PROMPT — Every line of the listing below should be written out exactly, minus its pictures.

EXERCISE DATA —
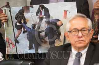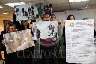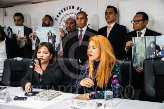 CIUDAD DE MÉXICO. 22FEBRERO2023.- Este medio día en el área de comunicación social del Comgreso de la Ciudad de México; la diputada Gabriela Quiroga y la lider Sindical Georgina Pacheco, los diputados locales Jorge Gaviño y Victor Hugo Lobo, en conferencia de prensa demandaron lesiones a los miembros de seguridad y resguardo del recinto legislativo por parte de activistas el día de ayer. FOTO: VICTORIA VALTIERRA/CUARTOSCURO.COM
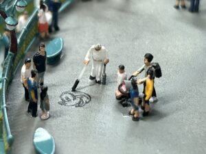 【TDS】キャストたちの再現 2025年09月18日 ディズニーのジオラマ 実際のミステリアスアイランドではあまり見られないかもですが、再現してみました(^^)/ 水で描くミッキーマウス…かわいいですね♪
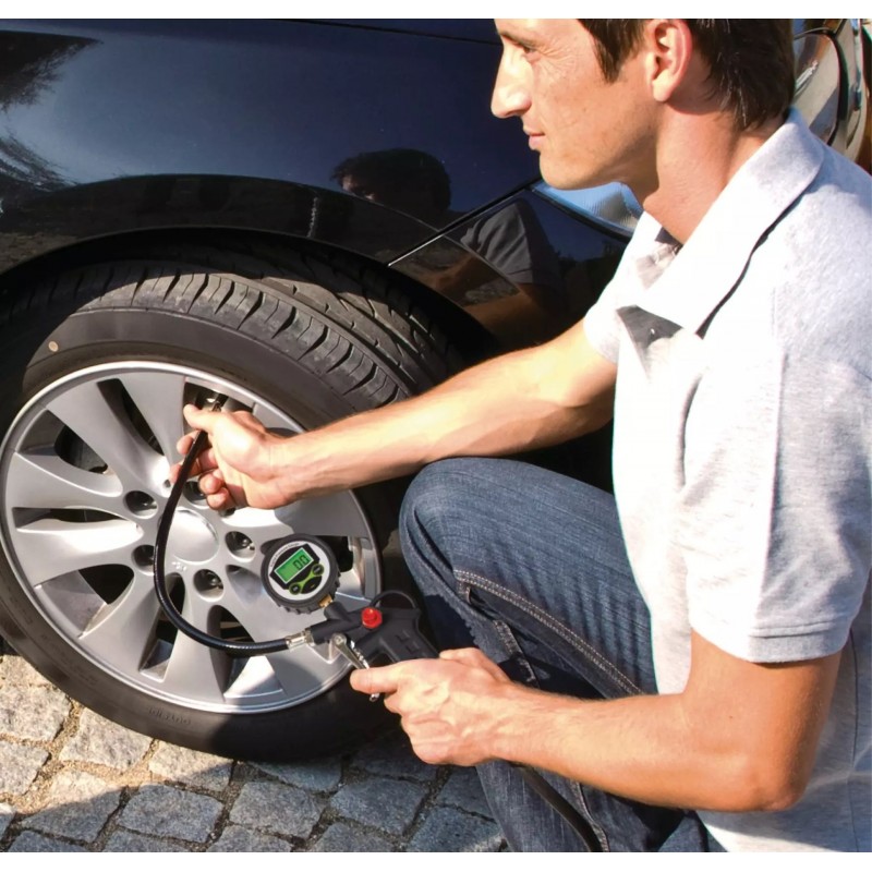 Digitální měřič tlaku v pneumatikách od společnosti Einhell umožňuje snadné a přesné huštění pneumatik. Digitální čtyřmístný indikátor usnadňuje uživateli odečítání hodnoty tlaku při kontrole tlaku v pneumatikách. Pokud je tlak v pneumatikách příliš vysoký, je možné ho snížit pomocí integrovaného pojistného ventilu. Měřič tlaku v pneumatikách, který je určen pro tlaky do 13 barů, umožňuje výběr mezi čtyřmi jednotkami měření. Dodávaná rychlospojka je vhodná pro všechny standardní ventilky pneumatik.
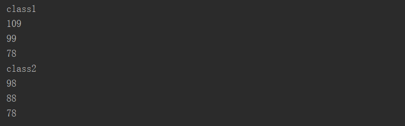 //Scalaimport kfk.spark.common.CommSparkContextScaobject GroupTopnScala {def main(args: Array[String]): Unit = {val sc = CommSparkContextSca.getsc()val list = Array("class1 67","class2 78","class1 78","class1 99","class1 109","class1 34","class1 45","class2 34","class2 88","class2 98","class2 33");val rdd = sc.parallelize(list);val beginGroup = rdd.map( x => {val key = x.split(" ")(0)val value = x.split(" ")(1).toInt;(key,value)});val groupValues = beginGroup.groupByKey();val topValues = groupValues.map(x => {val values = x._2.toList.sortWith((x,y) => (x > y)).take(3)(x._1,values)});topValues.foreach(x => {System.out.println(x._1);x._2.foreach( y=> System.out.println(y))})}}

RESPONSE AREA —
 CIUDAD DE MÉXICO. 22FEBRERO2023.- Este medio día en el área de comunicación social del Comgreso de la Ciudad de México; la diputada Gabriela Quiroga y la lider Sindical Georgina Pacheco, los diputados locales Jorge Gaviño y Victor Hugo Lobo, en conferencia de prensa demandaron lesiones a los miembros de seguridad y resguardo del recinto legislativo por parte de activistas el día de ayer. FOTO: VICTORIA VALTIERRA/CUARTOSCURO.COM
 【TDS】キャストたちの再現 2025年09月18日 ディズニーのジオラマ 実際のミステリアスアイランドではあまり見られないかもですが、再現してみました(^^)/ 水で描くミッキーマウス…かわいいですね♪
 Digitální měřič tlaku v pneumatikách od společnosti Einhell umožňuje snadné a přesné huštění pneumatik. Digitální čtyřmístný indikátor usnadňuje uživateli odečítání hodnoty tlaku při kontrole tlaku v pneumatikách. Pokud je tlak v pneumatikách příliš vysoký, je možné ho snížit pomocí integrovaného pojistného ventilu. Měřič tlaku v pneumatikách, který je určen pro tlaky do 13 barů, umožňuje výběr mezi čtyřmi jednotkami měření. Dodávaná rychlospojka je vhodná pro všechny standardní ventilky pneumatik.
 //Scalaimport kfk.spark.common.CommSparkContextScaobject GroupTopnScala {def main(args: Array[String]): Unit = {val sc = CommSparkContextSca.getsc()val list = Array("class1 67","class2 78","class1 78","class1 99","class1 109","class1 34","class1 45","class2 34","class2 88","class2 98","class2 33");val rdd = sc.parallelize(list);val beginGroup = rdd.map( x => {val key = x.split(" ")(0)val value = x.split(" ")(1).toInt;(key,value)});val groupValues = beginGroup.groupByKey();val topValues = groupValues.map(x => {val values = x._2.toList.sortWith((x,y) => (x > y)).take(3)(x._1,values)});topValues.foreach(x => {System.out.println(x._1);x._2.foreach( y=> System.out.println(y))})}}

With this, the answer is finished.